# Streaming video to the Wii



## Crusnik (Feb 1, 2007)

Not sure if this should be under tips since it isn't a problem post, but I thought I'd better fit under the Games section =D. This is how to stream video from your computer to your Wii over a network! Since Wii uses the Opera browser, it has flash support built into. Orb can convert avi, mpeg, etc into flash on the fly. The quality is not 100%, but just the fact that you're able to do it seemed kinda cool to me.

1) Download the trail web browser on the Wii
2) Install Orb on host PC, http://orb.com/
3) Uninstall any code packs and install each codec indvidually, http://support.orb.com/support/solution.jsp?sol=144
4) Reset
5) Set up user name and shared folders in Orb
6) Log into mycast.orb.com on with Wii browser and stream away!

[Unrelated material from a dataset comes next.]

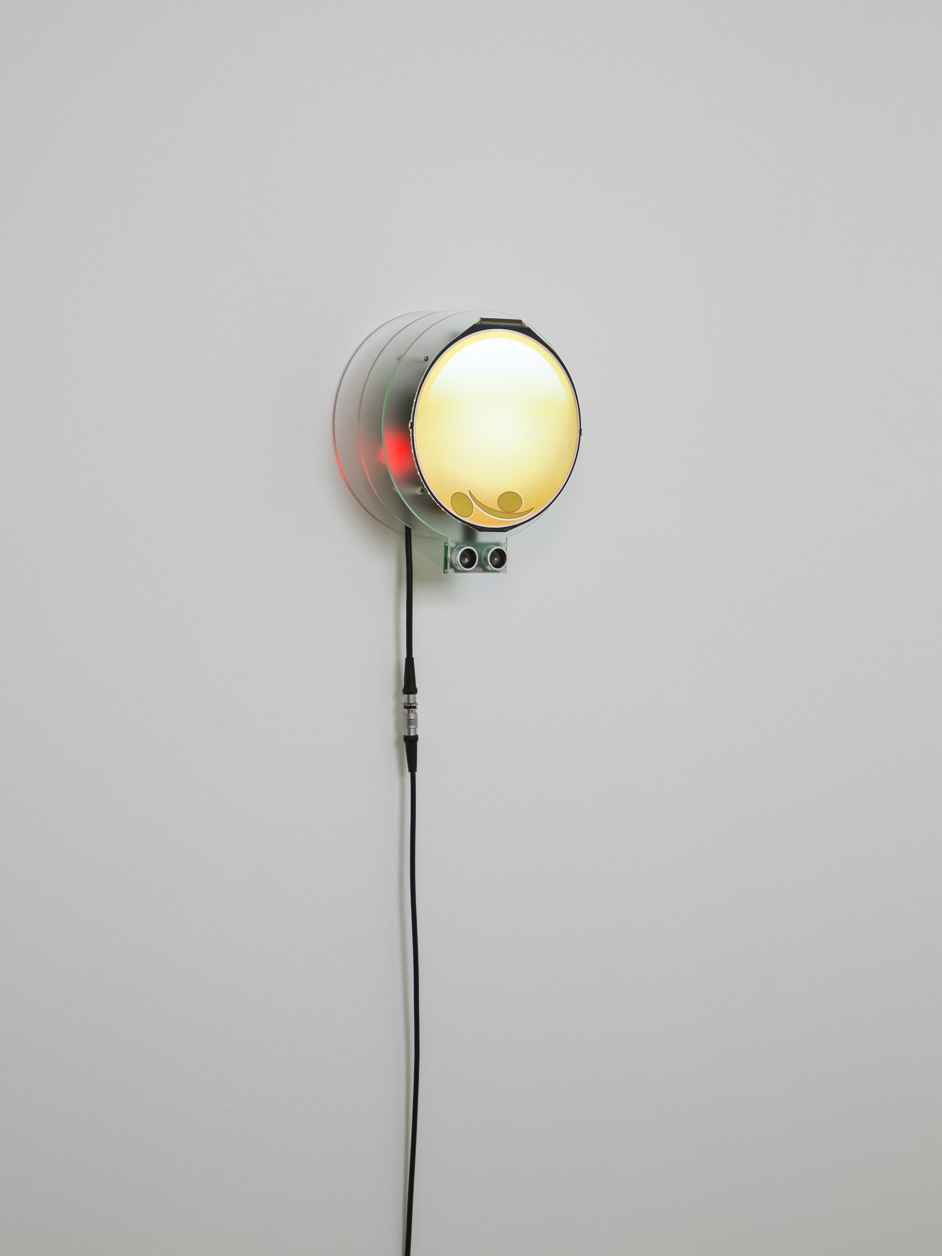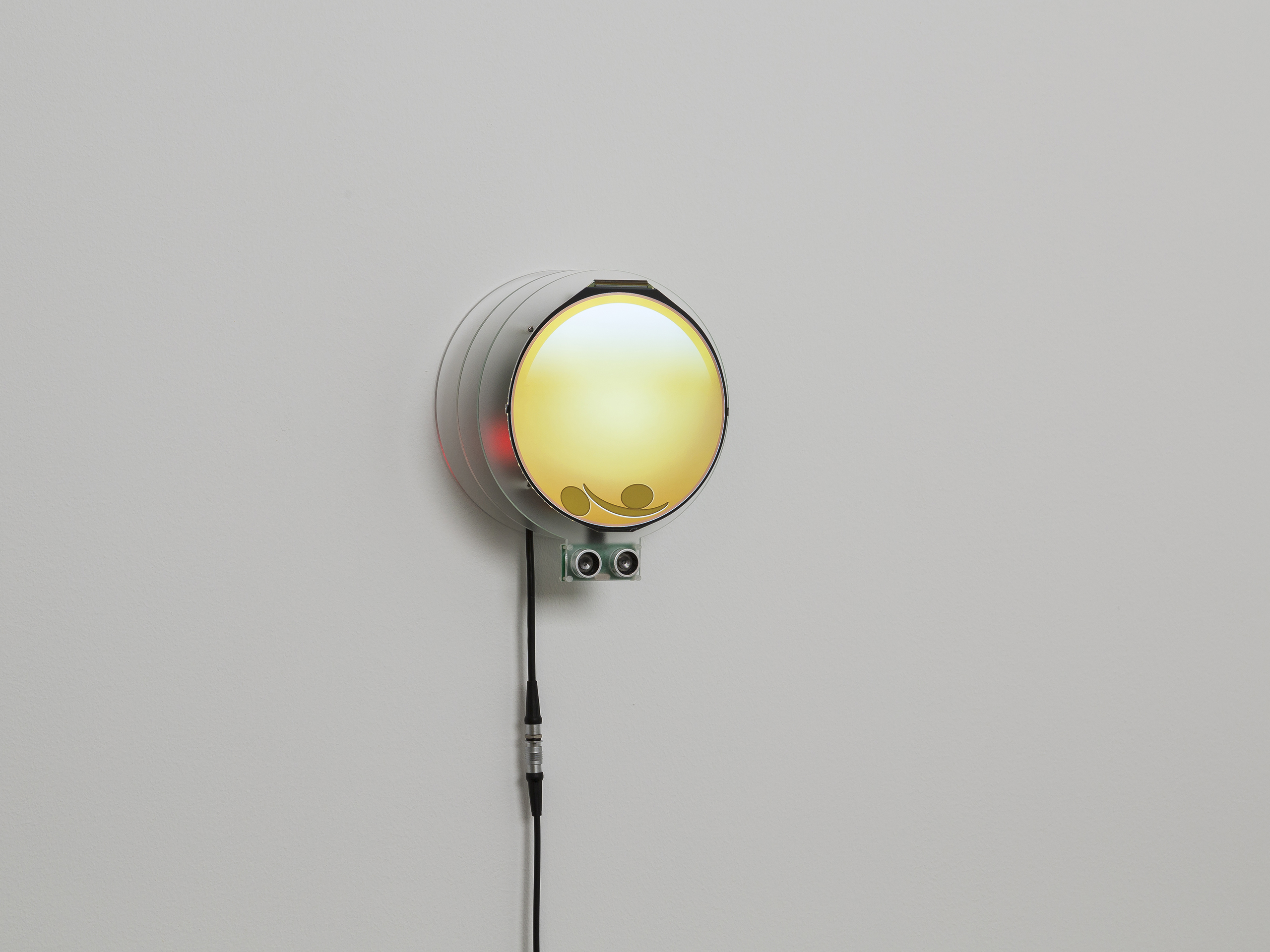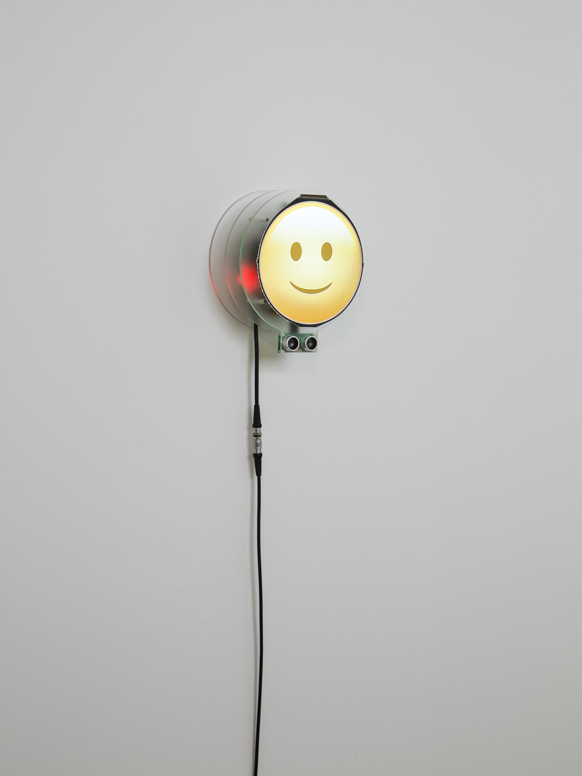 The round screen displays the “Slightly Smiling Face” emoji. When the viewer approaches within 1 meter, the smile collapses instantly.

If your videos are freezing on the first frame and audio keeps playing, try this reghack:

*Taken from http://forum.orb.com/*
Open regedit on the PC where Orb is installed. 
In HKEY_LOCAL_MACHINE..Software..Orb Networks..Orb..OrbStreamer you will find a "HQFlash" key with value 1. Delete this key and restart Orb. 
For information this key sets Orb to encode in Flash using a better quality codec whenever possible, and this codec might not be compatible with the Wii Flash version. Removing this key will default to a lesser quality encoder which is more likely to be compatible.


----------